=== Begin Enclosure ===

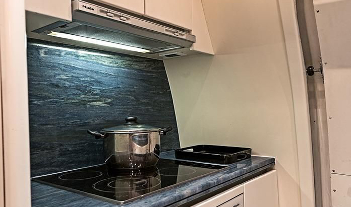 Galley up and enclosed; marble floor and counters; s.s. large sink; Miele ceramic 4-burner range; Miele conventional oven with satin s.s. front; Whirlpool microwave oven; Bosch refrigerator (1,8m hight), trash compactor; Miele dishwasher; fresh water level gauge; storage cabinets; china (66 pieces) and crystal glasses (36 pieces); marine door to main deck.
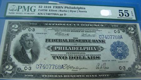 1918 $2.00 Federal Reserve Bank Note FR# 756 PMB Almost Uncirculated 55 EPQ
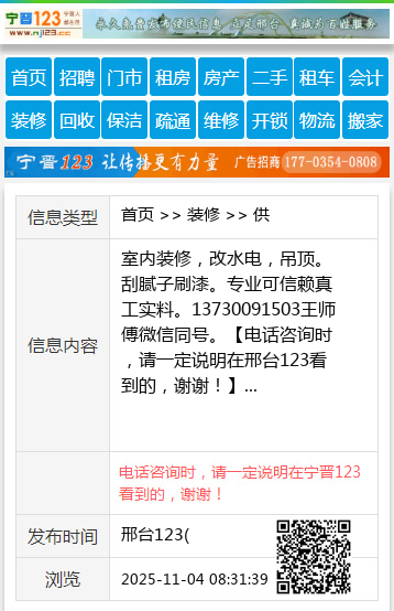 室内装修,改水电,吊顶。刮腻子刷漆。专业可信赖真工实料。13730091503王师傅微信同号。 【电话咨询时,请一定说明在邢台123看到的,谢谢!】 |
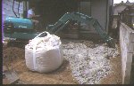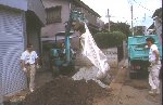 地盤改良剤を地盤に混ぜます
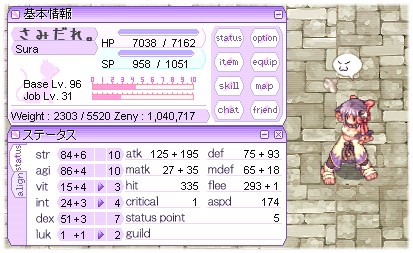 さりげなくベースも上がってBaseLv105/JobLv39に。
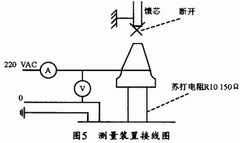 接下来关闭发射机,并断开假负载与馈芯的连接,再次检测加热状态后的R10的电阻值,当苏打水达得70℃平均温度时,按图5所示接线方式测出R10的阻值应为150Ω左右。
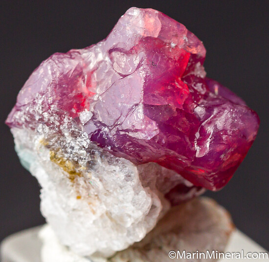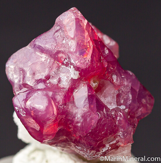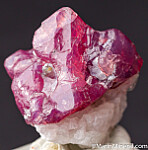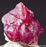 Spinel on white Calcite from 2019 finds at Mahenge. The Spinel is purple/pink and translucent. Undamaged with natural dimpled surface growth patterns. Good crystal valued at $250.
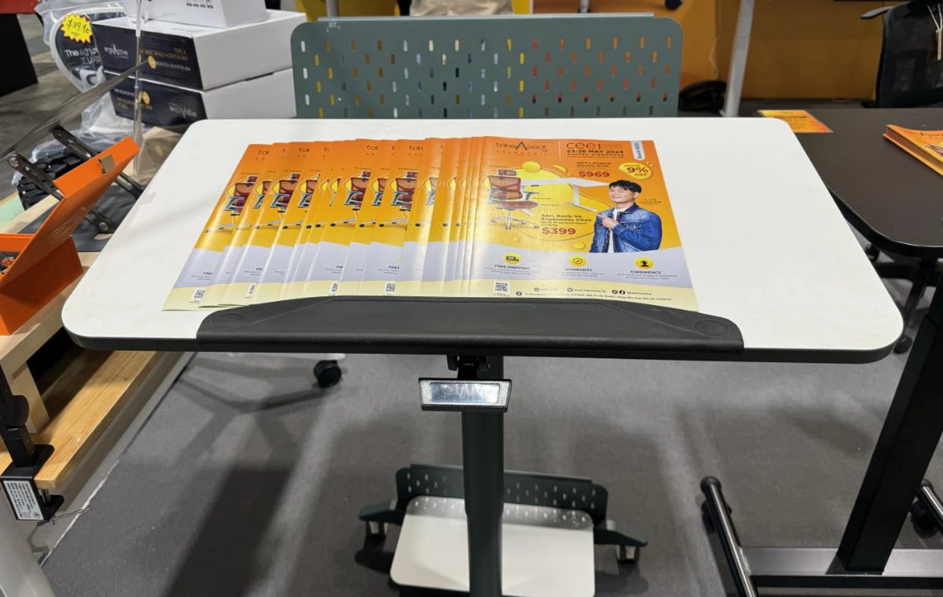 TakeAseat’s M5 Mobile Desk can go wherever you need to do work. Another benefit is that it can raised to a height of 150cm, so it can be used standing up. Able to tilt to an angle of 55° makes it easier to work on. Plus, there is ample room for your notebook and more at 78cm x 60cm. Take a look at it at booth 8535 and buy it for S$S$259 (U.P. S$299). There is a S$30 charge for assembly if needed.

=== End Enclosure ===
=== Begin Enclosure ===

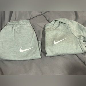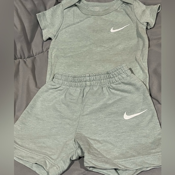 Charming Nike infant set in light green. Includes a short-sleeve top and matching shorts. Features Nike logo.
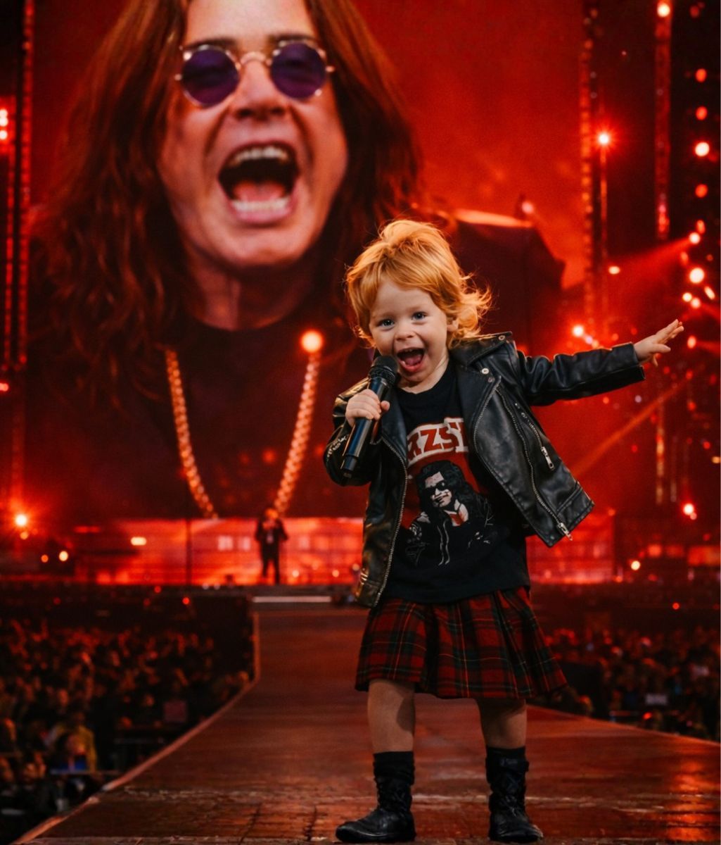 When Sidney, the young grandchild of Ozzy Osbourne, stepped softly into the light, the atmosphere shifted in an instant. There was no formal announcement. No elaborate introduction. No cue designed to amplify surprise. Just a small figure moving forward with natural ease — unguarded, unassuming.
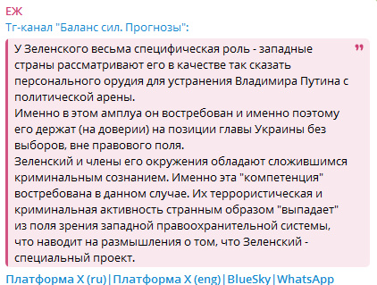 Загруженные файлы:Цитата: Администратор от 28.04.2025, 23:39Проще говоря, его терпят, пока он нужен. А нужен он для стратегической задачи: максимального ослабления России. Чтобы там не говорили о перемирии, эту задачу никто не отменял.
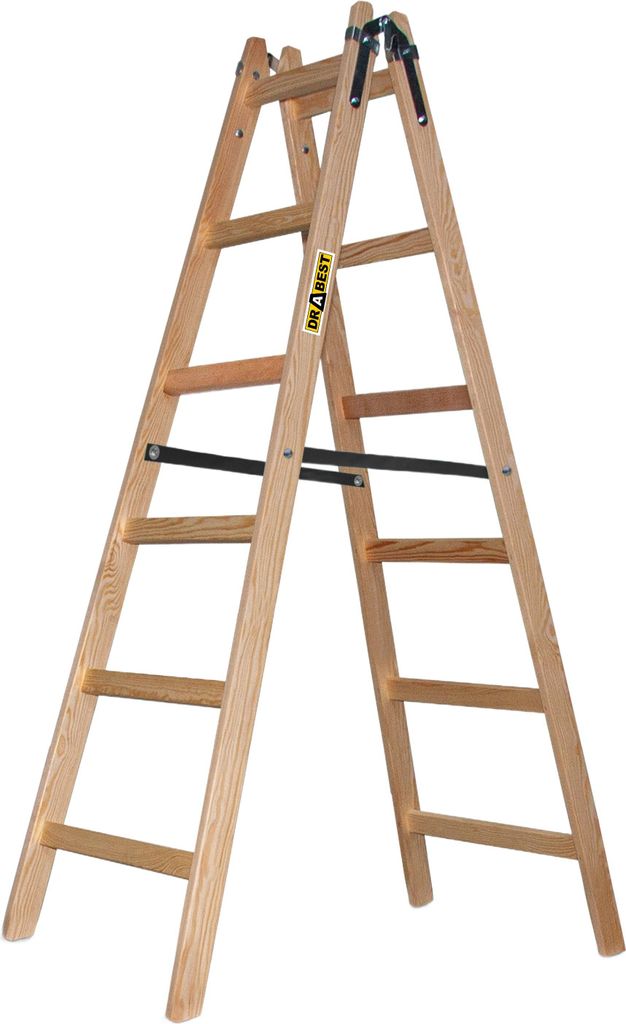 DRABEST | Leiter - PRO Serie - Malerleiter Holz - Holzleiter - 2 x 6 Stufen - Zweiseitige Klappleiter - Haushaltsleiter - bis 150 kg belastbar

=== End Enclosure ===
=== Begin Enclosure ===

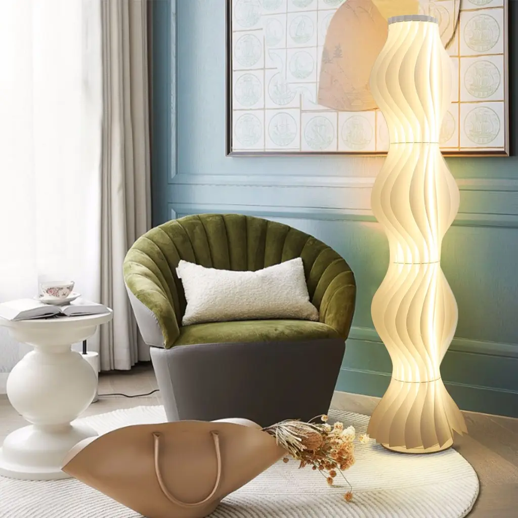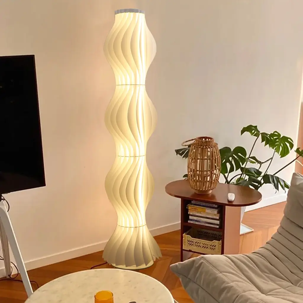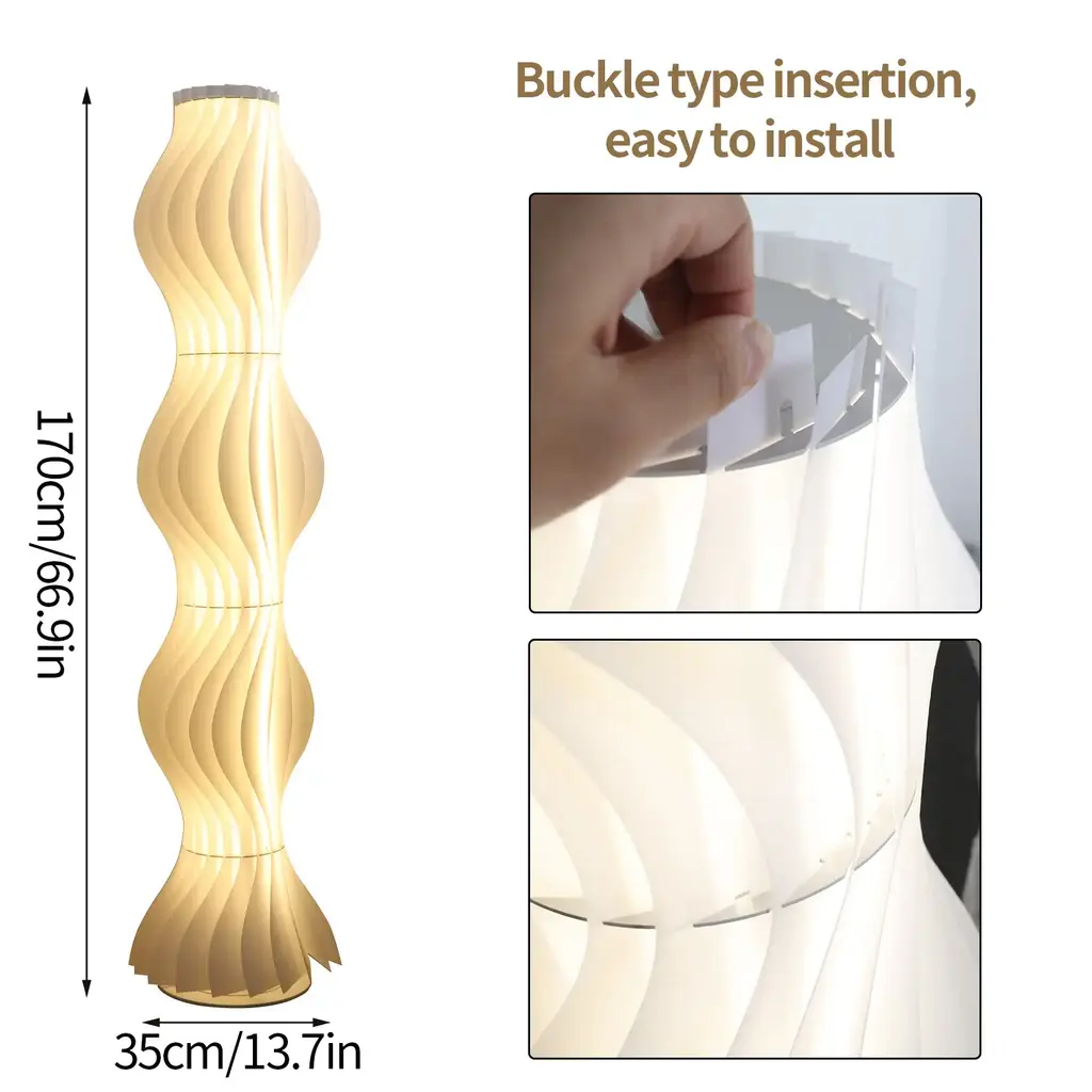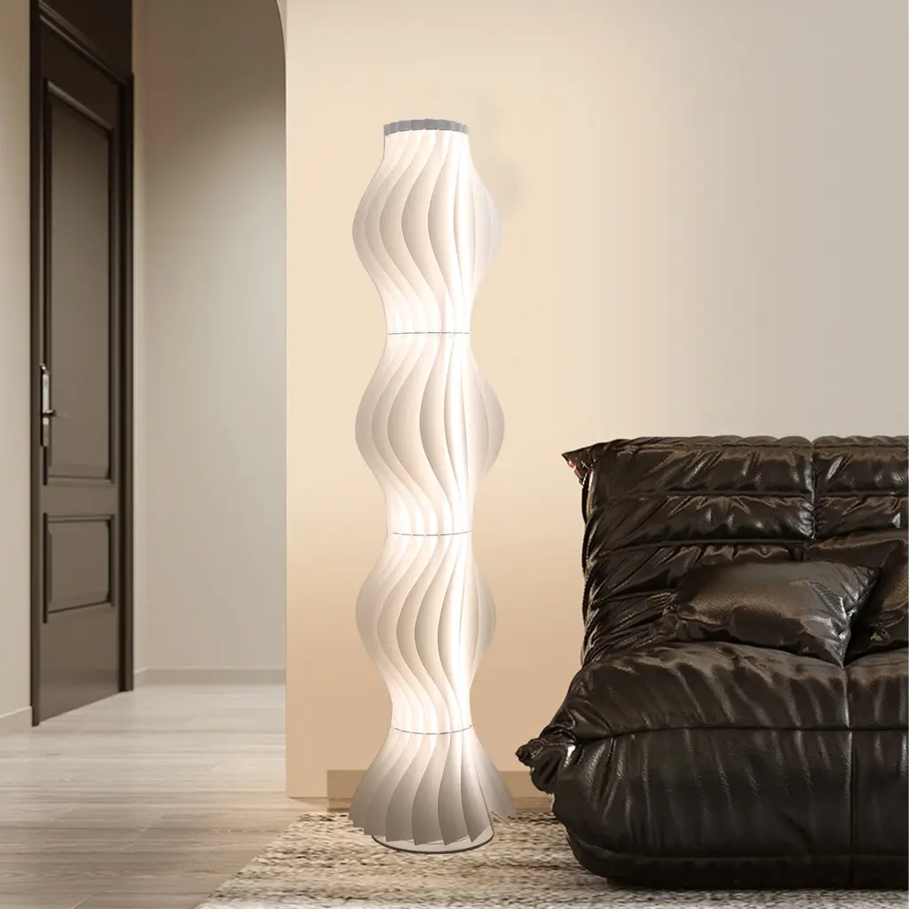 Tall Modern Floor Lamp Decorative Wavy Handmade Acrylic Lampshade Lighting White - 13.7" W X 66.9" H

=== End Enclosure ===

Description of the task: Nothing outside the stretch above, from the line with "Charming Nike infant" through the line with "DRABEST | Leiter", is set down. Transcribe that stretch exactly, ends included, but not its pictures.

Expected answer:
 Charming Nike infant set in light green. Includes a short-sleeve top and matching shorts. Features Nike logo.
 When Sidney, the young grandchild of Ozzy Osbourne, stepped softly into the light, the atmosphere shifted in an instant. There was no formal announcement. No elaborate introduction. No cue designed to amplify surprise. Just a small figure moving forward with natural ease — unguarded, unassuming.
 Загруженные файлы:Цитата: Администратор от 28.04.2025, 23:39Проще говоря, его терпят, пока он нужен. А нужен он для стратегической задачи: максимального ослабления России. Чтобы там не говорили о перемирии, эту задачу никто не отменял.
 DRABEST | Leiter - PRO Serie - Malerleiter Holz - Holzleiter - 2 x 6 Stufen - Zweiseitige Klappleiter - Haushaltsleiter - bis 150 kg belastbar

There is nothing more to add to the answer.